DCA questions county's 'intent'

State wants mayor to clarify details of proposed building moratorium

BY TRAVIS JAMES TRITTEN

keysnews.com

Monroe County and the state Department of Community Affairs have different ideas of how threatened native forests should be protected in the Florida Keys, despite a major conservation agreement last week.

DCA Secretary Colleen Castille said Tuesday that the agency does not approve of subsequent county plans to use its own conservation maps -- maps that may omit many 2- and 3-acre parcels -- to designate where development will be prohibited under a planned moratorium.

County Mayor Murray Nelson has said that only areas designated by the county's maps will be covered by the one-year ban on development agreed to during a Jan. 6 commission meeting.

"I clearly understood that the proposed moratorium would apply countywide to all areas containing 2 or more acres of native upland vegetated habitat," Castille wrote Tuesday in a letter to Nelson.

The disagreement comes just two weeks before the county goes before Gov. Jeb Bush and the Florida Cabinet for a yearly review of progress toward resolving land-use issues. The county commission agreed to the moratorium, a measure it opposed over the summer, to avoid state penalties that could come from a bad review.

There was no discussion of using county maps during last week's negotiations, said Castille, who will make a recommendation to the governor and Cabinet. Instead, county staff agreed to use data from a state natural lands inventory and the state Fish and Wildlife Conservation Commission to choose what land will be protected, she said.

Following last week's meeting, Castille withdrew a notice of violation in a "spirit of cooperation," she notes in her letter. "I am now asking that we properly clarify the intent of the Board of County Commissioners ..."

The DCA notice cited about eight violations, claiming the county's current growth regulations do not go far enough in preventing developers from building in the natural areas.

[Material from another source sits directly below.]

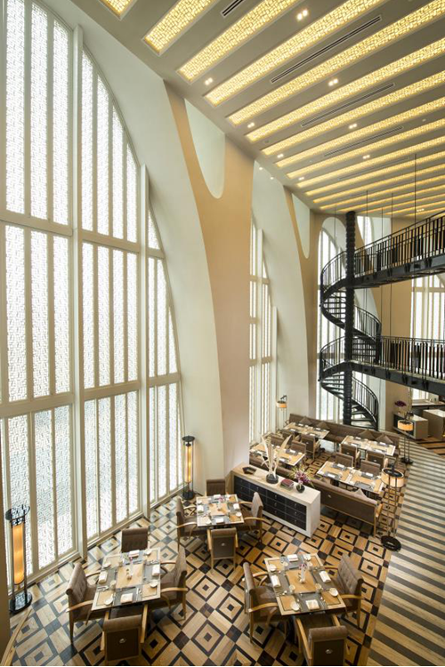 Chapter美食图书馆 — Chapter餐厅以其独特的风格改写了仅提供日常三餐的传统餐厅概念。在充满趣味的“美食图书馆”氛围和独特而充满创意的格局中,宾客可尽享多种纯正的就餐体验。步入Chapter餐厅,犹若置身于充满欧洲气息的图书馆中,又如来到充满神秘气息的古堡,沿着镂空旋转楼梯徐徐而上,走过一整面的书墙,感受旧日时光的温暖。三层书墙对面高大的落地窗让阳光毫无遮拦地倾泻进来,整个餐厅弥漫着温馨、浪漫、诗意和情怀。
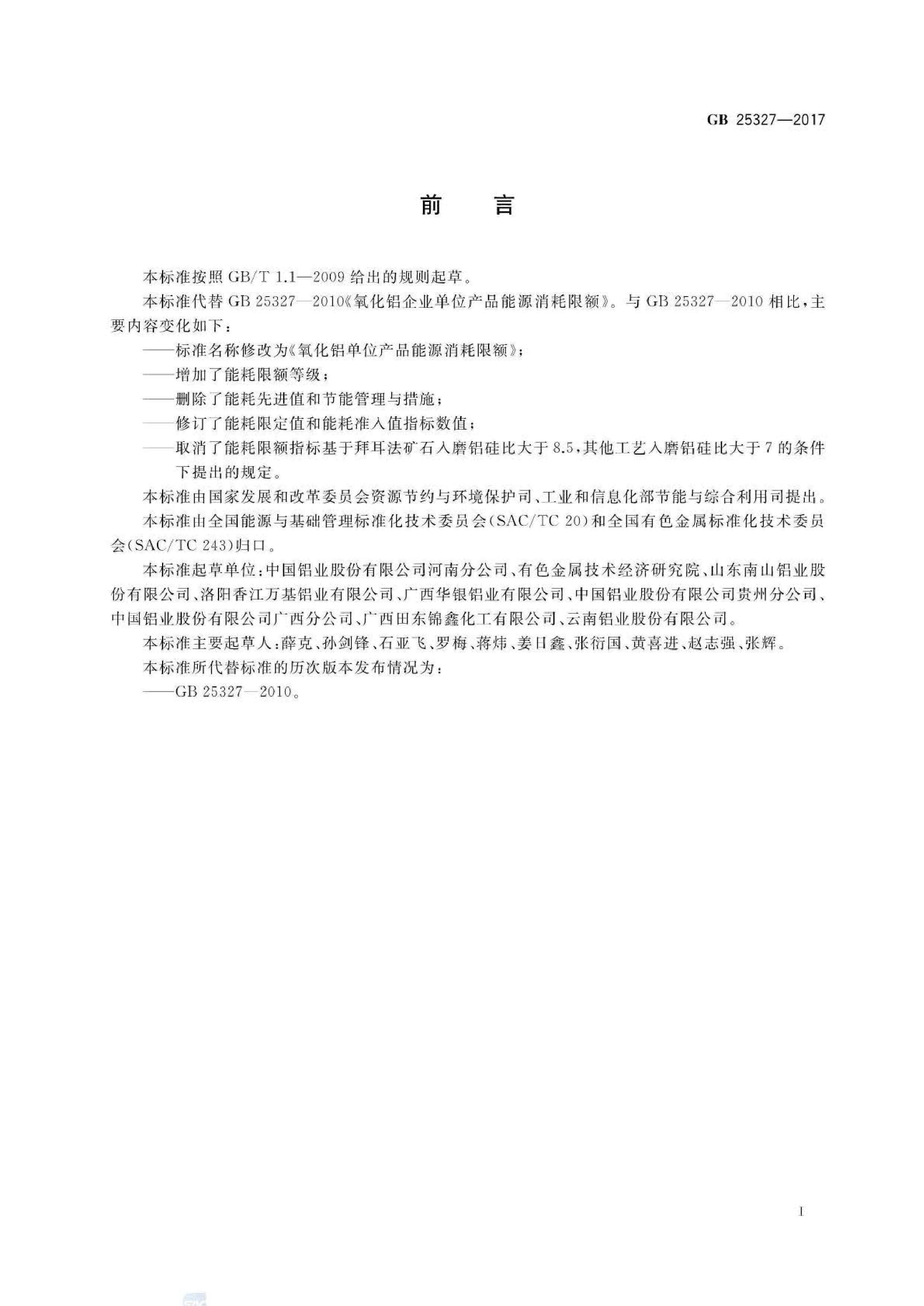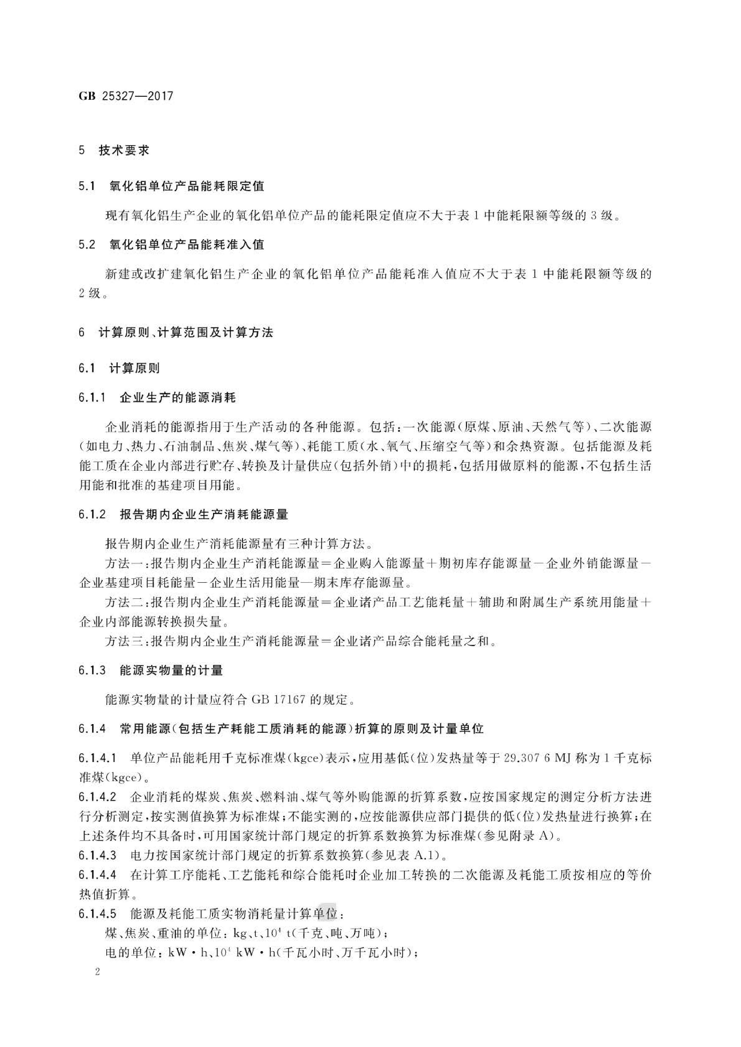 《氧化铝单位产品能源消耗限额》(GB25327-2017)

Tim McGarry, director of county Growth Management, said the county did not agree last week to protect all forest land within the county.

"Basically, what was committed to was looking at a moratorium on any upland area of 2-acres within the conservation areas," McGarry said. "It includes all the significant uplands area."

Last week, Nelson said unequivocally that the county agreed to protect the conservation areas shown in the county maps, but said staff had a handle on protecting the smaller parcels.

Castille also asked Tuesday that the language describing land protected by moratorium, which is expected to be approved by commissioners Jan. 21, be changed from "upland vegetated land" to "tropical hardwood hammock and pinelands."

For months, the new DCA secretary has used a carrot-and-stick approach to press the county into protecting the Keys environment, and it appeared there was a stick included in the letter Tuesday.

A county request that its yearly allotment of home-building permits be restored by the state is still pending, Castille wrote.

Building allotments were reduced by the state several years ago because the county failed to make progress on environmental initiatives. The reinstatement of the permits could be a windfall and mean about 103 more homes could be built in the county each year.

However, the governor and Cabinet could impose an additional 20-percent reduction if it is determined that the county has again failed to make substantial progress.